START Records

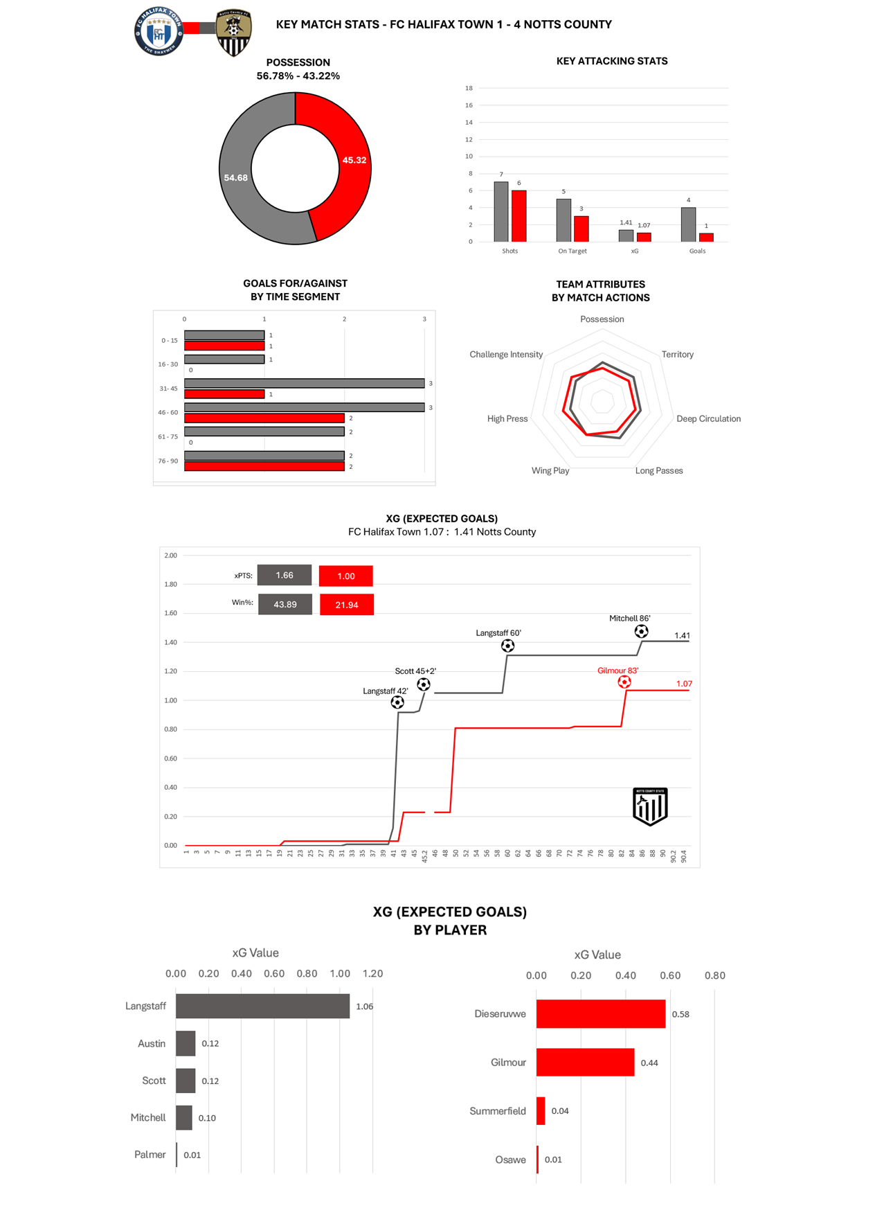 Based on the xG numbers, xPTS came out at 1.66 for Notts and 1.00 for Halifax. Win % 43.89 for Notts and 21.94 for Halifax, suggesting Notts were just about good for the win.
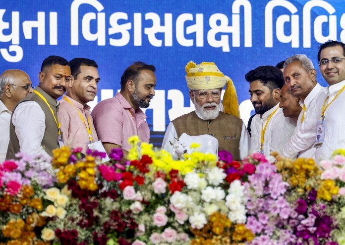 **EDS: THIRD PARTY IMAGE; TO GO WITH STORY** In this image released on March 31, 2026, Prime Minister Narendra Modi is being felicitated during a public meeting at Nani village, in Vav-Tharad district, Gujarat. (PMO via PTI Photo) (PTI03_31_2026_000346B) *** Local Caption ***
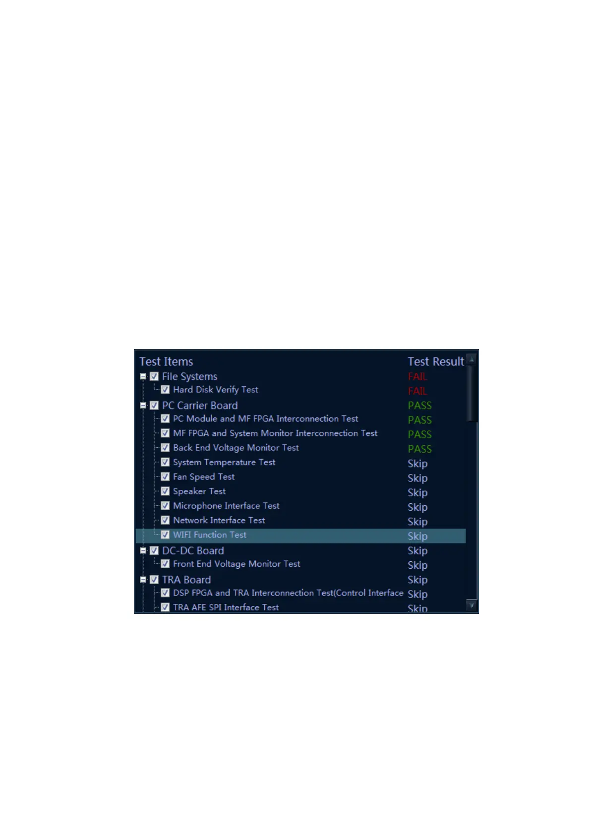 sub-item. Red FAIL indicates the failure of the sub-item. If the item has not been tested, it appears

END Records
START Records

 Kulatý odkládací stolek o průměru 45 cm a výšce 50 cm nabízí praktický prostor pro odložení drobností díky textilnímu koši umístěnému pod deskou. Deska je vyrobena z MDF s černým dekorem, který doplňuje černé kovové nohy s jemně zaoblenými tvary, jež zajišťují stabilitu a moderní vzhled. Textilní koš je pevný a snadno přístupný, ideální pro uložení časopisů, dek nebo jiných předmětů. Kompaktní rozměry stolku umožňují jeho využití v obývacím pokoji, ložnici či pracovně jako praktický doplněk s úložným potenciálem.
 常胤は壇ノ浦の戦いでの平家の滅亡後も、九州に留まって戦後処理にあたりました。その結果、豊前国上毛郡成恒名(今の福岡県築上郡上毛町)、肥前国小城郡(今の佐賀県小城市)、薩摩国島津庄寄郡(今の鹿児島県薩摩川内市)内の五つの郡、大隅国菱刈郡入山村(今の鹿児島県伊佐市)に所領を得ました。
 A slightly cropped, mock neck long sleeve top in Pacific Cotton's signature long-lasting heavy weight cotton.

END Records
START Records

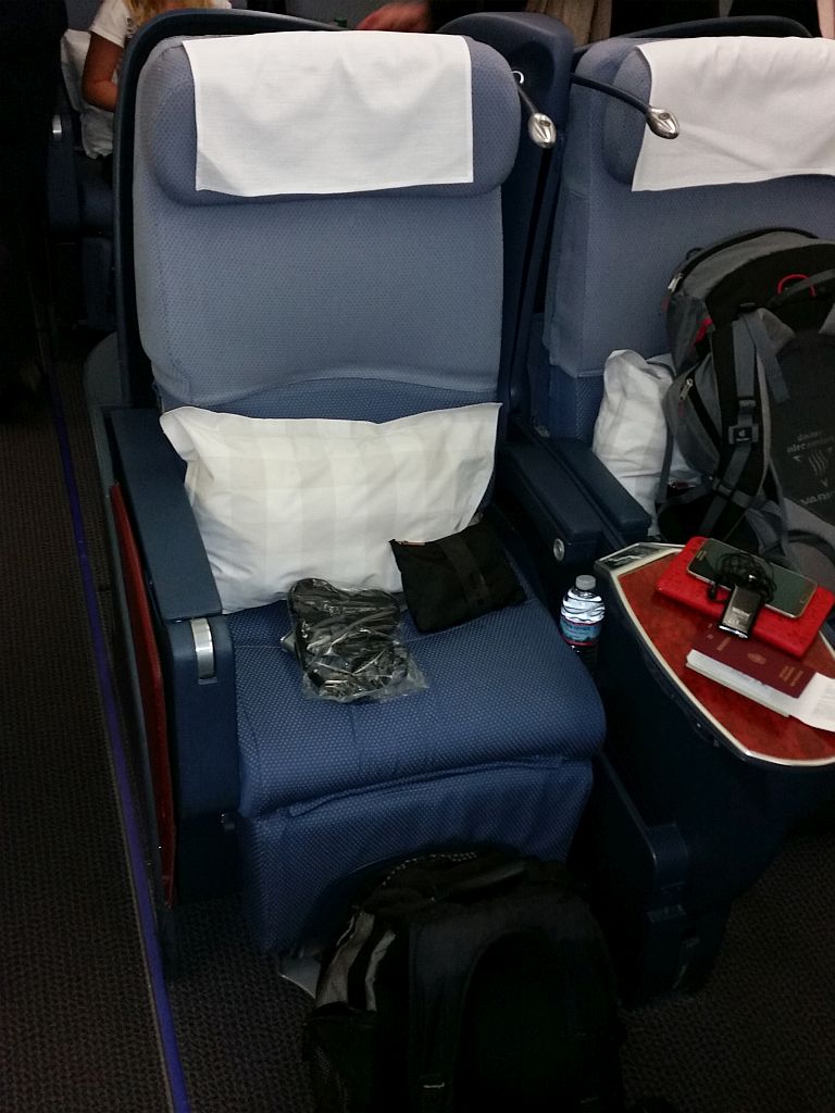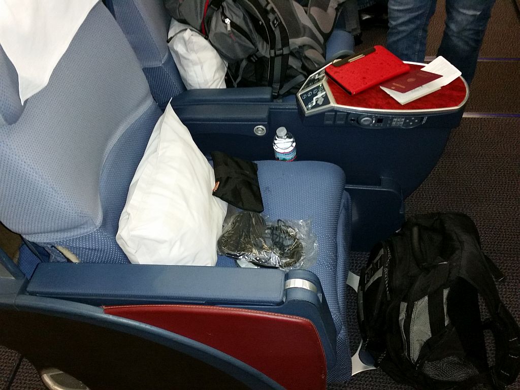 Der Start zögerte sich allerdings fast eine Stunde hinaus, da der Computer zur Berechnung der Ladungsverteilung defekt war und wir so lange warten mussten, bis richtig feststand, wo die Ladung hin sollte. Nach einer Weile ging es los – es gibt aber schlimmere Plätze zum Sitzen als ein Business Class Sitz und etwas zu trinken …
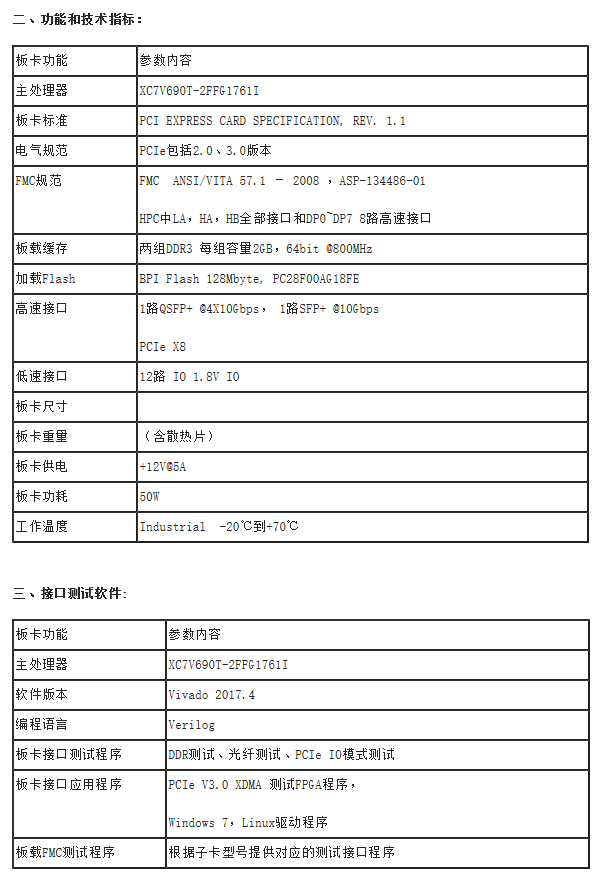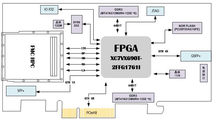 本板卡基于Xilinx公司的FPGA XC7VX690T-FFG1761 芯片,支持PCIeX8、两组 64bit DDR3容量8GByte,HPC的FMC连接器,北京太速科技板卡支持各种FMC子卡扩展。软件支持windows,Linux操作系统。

END Records

- **Task item**:
Only one part of the material above is wanted: the lines from the one with "Based on the" up to and including the one with "sub-item. Red FAIL". Please copy them exactly, pictures left out.

- **Written answer**:
 Based on the xG numbers, xPTS came out at 1.66 for Notts and 1.00 for Halifax. Win % 43.89 for Notts and 21.94 for Halifax, suggesting Notts were just about good for the win.
 **EDS: THIRD PARTY IMAGE; TO GO WITH STORY** In this image released on March 31, 2026, Prime Minister Narendra Modi is being felicitated during a public meeting at Nani village, in Vav-Tharad district, Gujarat. (PMO via PTI Photo) (PTI03_31_2026_000346B) *** Local Caption ***
 sub-item. Red FAIL indicates the failure of the sub-item. If the item has not been tested, it appears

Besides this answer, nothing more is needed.